How does People Also Ask relate to featured snippets?

They are siblings built by the same machinery. A featured snippet is the single answer box at the top of the page; PAA answers are extracted the same way but for related questions lower down. Win one and you are structured to win the other — the same format feeds both.

The extraction logic is shared. Both features pull a concise passage from a page that answers a question directly, so the on-page work that earns a featured snippet — a question heading with a tight answer beneath — is the identical work that earns PAA slots.

PAA is the easier target of the two. There is one featured snippet per query but many PAA rows, and the questions are longer-tail and less contested, so a page can appear in People Also Ask for questions it would never win the top snippet for.

The two features feed each other. A question you own in PAA today can graduate to a featured snippet as your page gains authority, and the playbook is the same either way — see how to win featured snippets for the deeper mechanics.

  • Featured snippet — one answer box at the top; PAA — many rows below.
  • Both extract a concise passage from a question-answering page.
  • PAA is easier: more slots, longer-tail, less contested questions.
  • The same question-answer format wins both features.

How do FAQ schema and structured content help you own PAA?

Structuring your page as explicit question-answer pairs — and marking them up with FAQPage schema — hands Google's extractor exactly what it wants to pull. Clean headings, tight answers, and machine-readable Q&A blocks make your content the path of least resistance for the PAA box to quote.

Structure helps even where schema does not directly trigger the feature. Google does not require FAQPage markup to source a PAA answer, but a page organized into clean question-answer blocks is inherently easier to extract from — the discipline is what pays, with the markup as reinforcement.

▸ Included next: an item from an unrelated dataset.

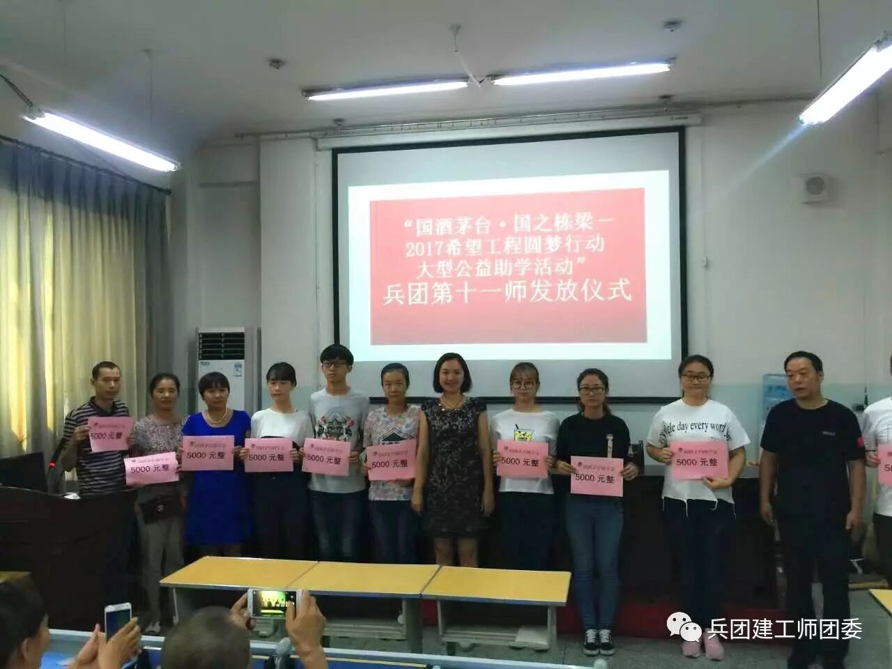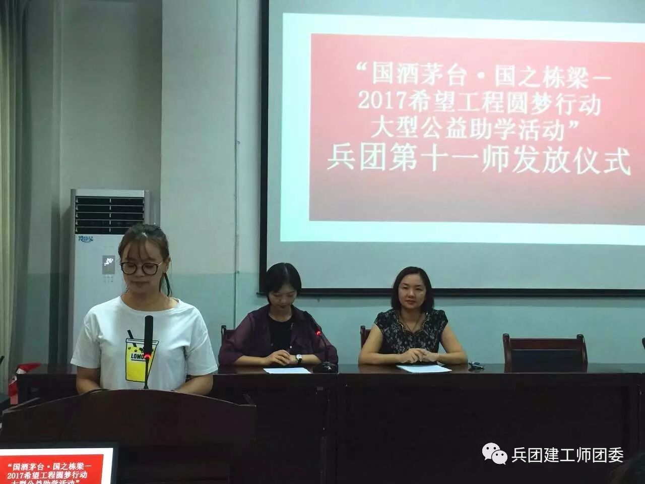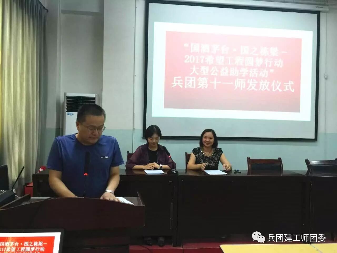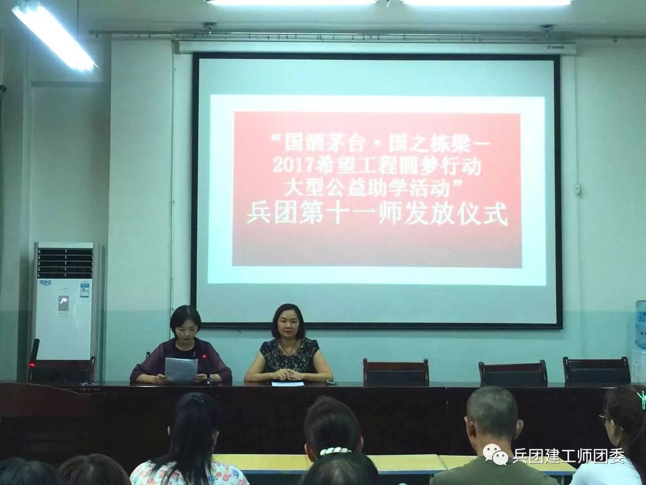 8月31日,“国酒茅台·国之栋梁--2017希望工程圆梦行动大型公益助学活动兵团十一师发放仪式”在师职业技术学校实训楼3楼会议室举行。师团委书记席菲出席本次发放仪式,受助学生及家长参加了本次活动。

One question, one answer, one block. Keep each Q&A self-contained so the extractor can lift it without dragging in unrelated text; a tidy, well-bounded answer is far safer to quote than one entangled with the paragraph before and after it.

Structured Q&A is an AEO foundation, not a PAA trick. The same FAQ blocks that feed People Also Ask also feed voice assistants and AI answers, which is why voice search optimization leans on the identical question-answer structure.

  • Organize the page as explicit question-and-answer pairs.
  • Add FAQPage schema to make the Q&A machine-readable.
  • Keep each answer self-contained so it lifts cleanly.
  • Reuse the same blocks for voice and AI answers.

How do AI answers reuse People-Also-Ask questions?

AI engines mine the same question space PAA maps. Google's AI Overviews, ChatGPT, and Perplexity break a query into sub-questions, retrieve a source for each, and stitch the answers together — so a page already structured to answer PAA questions is pre-formatted for the way AI assembles its response.

Fan-out is the mechanism they share. Modern answer engines decompose a question into the sub-questions it implies — the very questions PAA already surfaces — then fetch a passage to answer each, so optimizing for PAA and optimizing for AI retrieval are increasingly the same task.

PAA is a free preview of the AI question tree. The follow-ups Google shows in the box are a public window onto the sub-questions its models generate internally, so mining PAA tells you which questions an AI answer will need a source for — and lets you become that source.

Answering the sub-question wins the citation. When your page owns the tight, extractable answer to a specific sub-question, it is the passage an AI engine reaches for and attributes — which is the whole game of getting cited by ChatGPT, Perplexity, and AI Overviews.

The convergence is the strategic point. PAA optimization is no longer a niche SERP tactic; it is training your content for the question-and-answer shape that every answer engine, human-facing or AI, now rewards.

  • AI engines fan a query out into sub-questions, like PAA does.
  • PAA is a free preview of the sub-questions AI will need answered.
  • Own the extractable answer to a sub-question to win the citation.
  • One question-answer discipline now serves SERP, voice, and AI.